Wow. Their experience could not be more different than mine. As I’m contemplating the first year of my startup I’ve tallied 6000 deployments and 99.997 percent uptime and a low single digit rollback percentage (MTTR in low single digit minutes and fractional, single cell impact for them so far). While I’m sure it’s possible for a solo entrepreneur to hit numbers like that with a monolith I have never done so, and haven’t see others do so.
Edit: I’d love to eat the humble pie here. If you have examples of places where monoliths are updated 10-20 times a day by a small (or large) team post the link. I’ll read them all.
The idea of deploying to production 10-20 times per day sounds terrifying. What's the rationale for doing so?
I'll assume you're not writing enough bugs that customers are reporting 10-20 new ones per day, but that leaves me confused why you would want to expose customers to that much churn. If we assume an observable issue results in a rollback and you're only rolling back 1-2% of the time (very impressive), once a month or so customers should experience observable issues across multiple subsequent days. That would turn me off making a service integral to my workflow.
If something is difficult or scary, do it more often. Smaller changes are less risky. Code that is merged but not deployed is essentially “inventory” in the factory metaphor. You want to keep inventory low. If the distance between the main branch and production is kept low, then you can always feel pretty confident that the main branch is in a good state, or at least close to one. That’s invaluable when you inevitably need to ship an emergency fix. You can just commit the fix to main instead of trying to find a known good version and patching it. And when a deployment does break something, you’ll have a much smaller diff to search for the problem.
There's a lot of middle ground between "deploy to production 20x a day" and "deploy so infrequently that you forget how to deploy". Like, once a day? I have nothing against emergency fixes, unless you're doing them 9-19x a day. Hotfixes should be uncommon (neither rare nor standard practice).
Org size matters. A team of 500 should be deploying multiple times per day.
Speed is the rationale. I have zero hesitation to deploy and am extremely well practiced at decomposing changes into a series of small safe changes at this point. So maybe it's a single spelling correction, or perhaps it's the backend for a new service integration -- it's all the same to me.
Churn is kind of a loaded word, I'd just call it change. Improvements, efficiencies, additions and yes, of course, fixes.
It may be a little unfair to compare monoliths with distributed services when it comes to deployments. I often deploy three services (sometimes more) to implement a new feature, and that wouldn't be the case with a monolith.

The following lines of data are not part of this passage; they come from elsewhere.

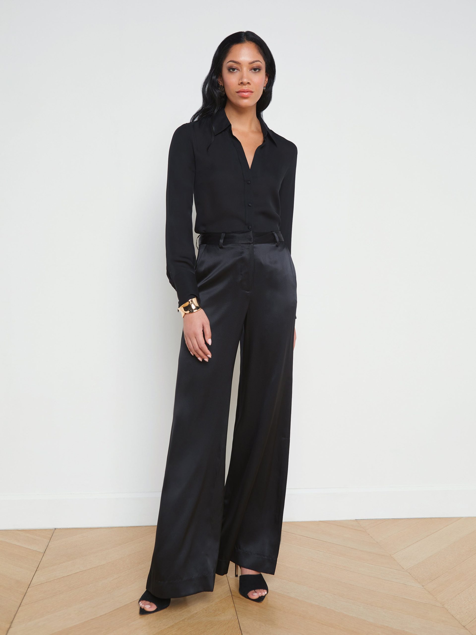She’s the supremely elegant silk pant, now in timeless black. The Pilar features a dramatic wide leg that accentuates her slim, defined waistband that includes a hidden hook-and-bar closure. Understated slit pockets blend seamlessly into the draped silhouette. Renewed each season in fresh fabrications and colorways, there’s a Pilar for every occasion. Add a blouse and heel for a refined evening look. Style No. 2625CHM-BLAC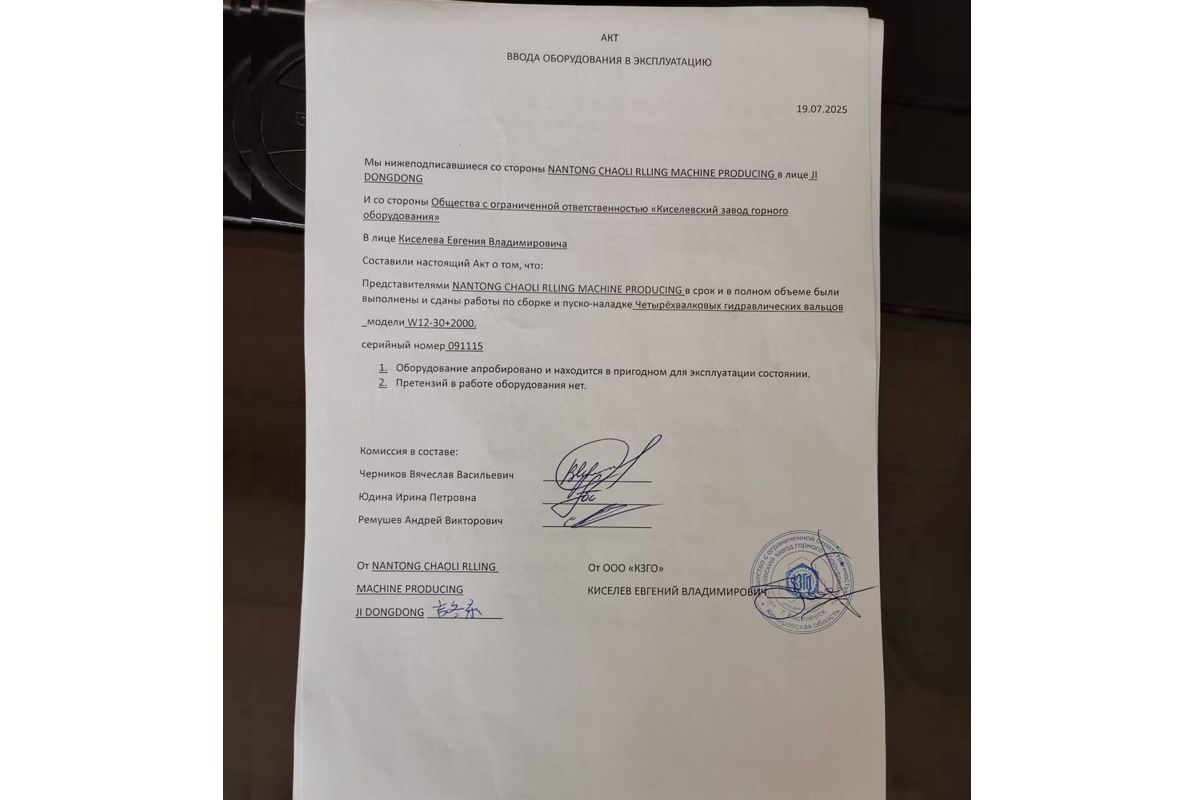 超力卷板機制造企業一批卷板機設備出口俄羅斯, 順利完成調試并成功交付,獲得了客戶的高度贊譽?。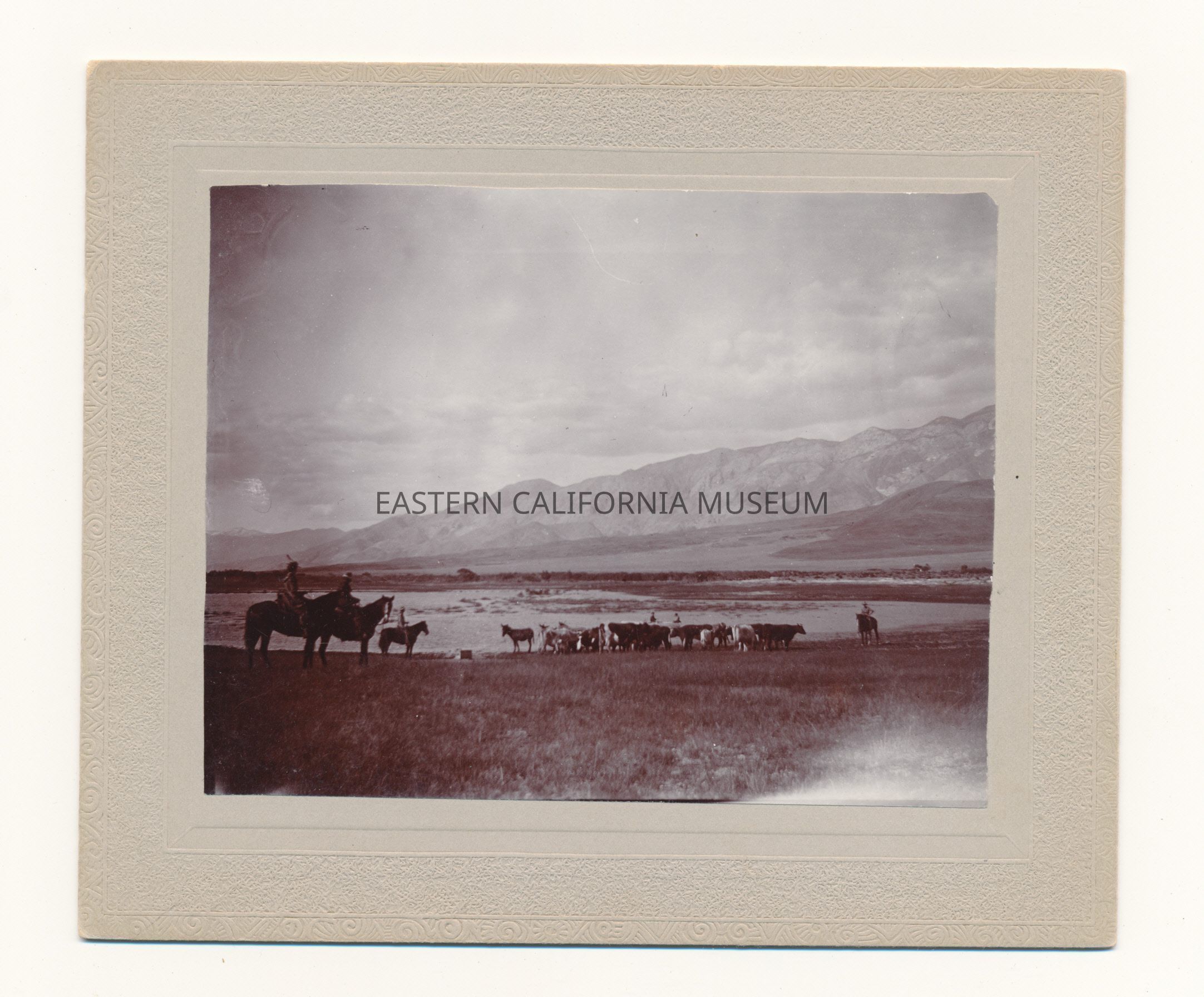 Mounted photo of cattle and cowboys in the Owens Valley. There is a body of water that the cattle are all gathered near. There are four to six people on horseback.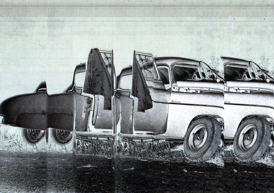 “Me gusta emplear el escáner para hablar de la fotografía desde una parte más experimental. El escáner sirve como una herramienta de transformación y no como un dispositivo de reproducción. En el caso de It’s lucky when you live in America me doy cuenta de que esa deformación en las fotografías da lugar a un metal retorcido que recuerda al de un accidente de coche”, explica el artista.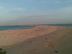 Most spits have a triangular base and numerous lagoons on their west side. The ends of some spits are widened and bent westwards. Their shape rapidly varies with time. For example, the Arabat Spit (the largest and most stable spit on the Azov Sea) was formed only around 1100–1200 AD,[4] and some spits were partly or entirely washed away by water currents.[5] Many spits are used as resting ground by migrating birds (mostly ducks, geese, swans, sandpipers, great cormorants and seagulls, see e.g. this and this pictures) and therefore some are declared national nature reserves. Examples are the Beglitsk,[6] Bilosaraysk,[7] Kriv[7] and Berdiansk spits. In addition to bird colonies, the Bilosaraysk and Berdiansk spits also host more than 200 vegetation species each.[8][9][10] The Berdiansk Spit is remarkable for having one of the oldest lighthouses on the Azov Sea (160 years old).[11] The Petrushino Spit is historical in that in 1697, Peter I built a major fortress at its base.[12] In July 1711, a Turkish landing operation was defeated there.[13]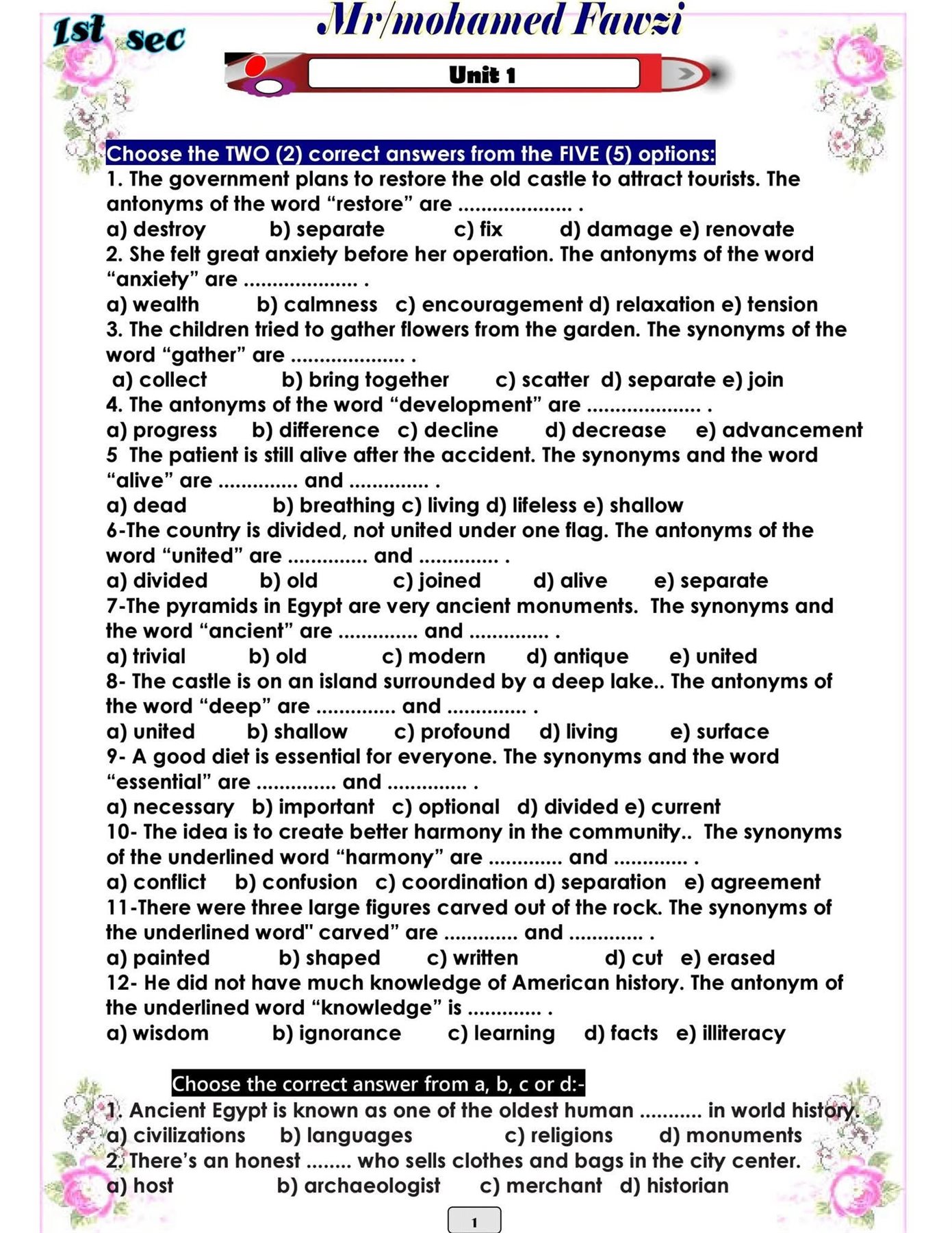 مراجعات نهائية..150 سؤالا في اللغة الانجليزية على الوحدة الأولى، تضمن لك التفوق لـ الصف الأول الثانوي، للعام الدراسي الجاري 2025-2026، في مراجعات نهائيه وتحميل 150 سؤالا في اللغة الانجليزية تضمن لك التفوق لـ الصف الأول الثانوي، حيث يواصل موقع السبورة نشر مراجعة ليلة الامتحان من خلال تحميل أبرز 150 سؤالا في اللغة الانجليزيةعلى الوحدة الأولى تضمن لك التفوق لـ الصف الأول الثانوي، من خلال مراجعات نهائيه، واستعراض جميع نظام أسئلة امتحانات اللغة الانجليزية، وشرح مبسط، واستعراض مراجعة ليلة الامتحان في اللغة الانجليزية تضمن لك التفوق لـ الصف الأول الثانوي، عن طريق نشر العديد من الامتحانات، لطلاب وطالبات الصف الأول الثانوي، في مراجعات نهائيه، لن يخرج عنها امتحان آخر العام، ومن خلال متابعة مراجعات نهائيه أعدها خبراء المادة في وزارة التربية والتعليم.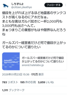 1: 2026/01/25(日) 14:34:49.69 値段を上げれば上げるほど地雷客のサンクコストが高くなるのにアホだなぁ。まともな客はガルバ如きに一杯2,000円も3,000円も出さへんて。まぁつまりこの業態がもはや限界なんだろうねガールズバー経営者だけど何で値段が上がってるのかについて語りたい — しちずん2 (@citizen_deathyo) January 23, 2026 ※関連記事 【画像】この漫画の「ダメ人間」と付き合っている彼女の話、少し怖くて草wwwww…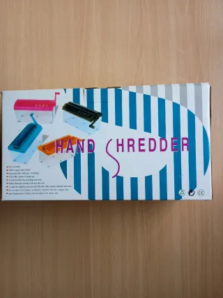Trituradora de papel manual, ideal para uso doméstico . Permite destruir documentos de forma segura. - Ancho de entrada del papel: 123 mm. - Dimensión del papel triturado: 3 mm (tira). - Para destruir archivos y documentos . Uso doméstico - El triturado se acumula en la caja. - Limpiar con un paño suave y detergente neutro. - No introducir peso excesivo, manos, cortaúñas o clips en la entrada. - No abrir ni reparar la máquina sin permiso.

So 100% there is a lower number of deploys needed in that world (I know, I've been there). Unfortunately, there is also a natural friction that prevents deploying things as they become available. Google called that latency out in DORA for a reason.
I can't believe how many times I have seen companies trying to implement microservices with multirepo and get lost in the access management, versioning and ending up producing a fragile, overly complex hot mess.
Discussion in 2018, when this blog post was published: https://news.ycombinator.com/item?id=17499137
Monolith is definitely what you want to start with.
Being able to ~instantly obtain a perfect list of all references to all symbols is an extraordinarily powerful capability. The stronger the type system, the more leverage you get. If you have only ever had experience with weak type systems or poor tooling, I could understand how the notion of putting everything into one compilation context seems pointless.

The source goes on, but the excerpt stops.